Feedly is Now Hijacking Shared Links And Cutting Out Original Publishers - mwilcox
http://www.the-digital-reader.com/2013/12/07/feedlys-sharing-options-now-direct-shared-articles-servers-cuts-original-publishers

======
conesus
On [http://newsblur.com](http://newsblur.com) users have two options for
sharing links. They can either use a Send To feature, which uses the story's
original URL, and hook it up to any number of third party services like
Twitter, Facebook, Evernote, Tumblr, Instapaper, etc.

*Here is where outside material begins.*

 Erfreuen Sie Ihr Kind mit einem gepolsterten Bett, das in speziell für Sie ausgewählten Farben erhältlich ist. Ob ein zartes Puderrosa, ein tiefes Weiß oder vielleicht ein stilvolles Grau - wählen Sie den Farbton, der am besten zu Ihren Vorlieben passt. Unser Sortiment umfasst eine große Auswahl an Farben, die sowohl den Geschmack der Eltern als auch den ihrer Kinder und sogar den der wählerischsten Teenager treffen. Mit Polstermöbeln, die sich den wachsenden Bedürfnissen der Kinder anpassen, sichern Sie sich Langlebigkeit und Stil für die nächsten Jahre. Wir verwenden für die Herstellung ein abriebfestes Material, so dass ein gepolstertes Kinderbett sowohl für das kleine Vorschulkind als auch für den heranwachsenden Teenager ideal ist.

Or they can share to their blurblog, which is a shared stories blog. When
users share links to their blurblog, the tweeted link goes to the user's
blurblog, like so: [http://samuel.newsblur.com/story/family-
feuds/4e65d5](http://samuel.newsblur.com/story/family-feuds/4e65d5). It
includes their commentary and offers a place to reply to the user.
Alternatively, you can turn on a setting that takes you directly to the story.

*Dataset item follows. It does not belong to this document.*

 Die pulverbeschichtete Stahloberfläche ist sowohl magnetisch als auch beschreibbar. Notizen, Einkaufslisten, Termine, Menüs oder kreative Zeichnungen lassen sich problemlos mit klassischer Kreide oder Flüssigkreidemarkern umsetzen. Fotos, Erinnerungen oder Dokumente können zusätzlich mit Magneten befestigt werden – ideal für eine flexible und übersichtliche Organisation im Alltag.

I think Feedly's intention here isn't what's best for users, since you don't
have the option to comment on the story and have people reply to you, which
would necessitate its own page. This is more of the Send To feature described
above, and I think it's part of their drive to find additional revenue where
there isn't much.

RSS is not a growing market and I think only independent developers with small
costs will end up alive in a few years. Feedly will either have to evolve and
find a bigger market, or pare down the cost of hosting the majority of Google
Reader expats. And that doesn't square well with taking investment.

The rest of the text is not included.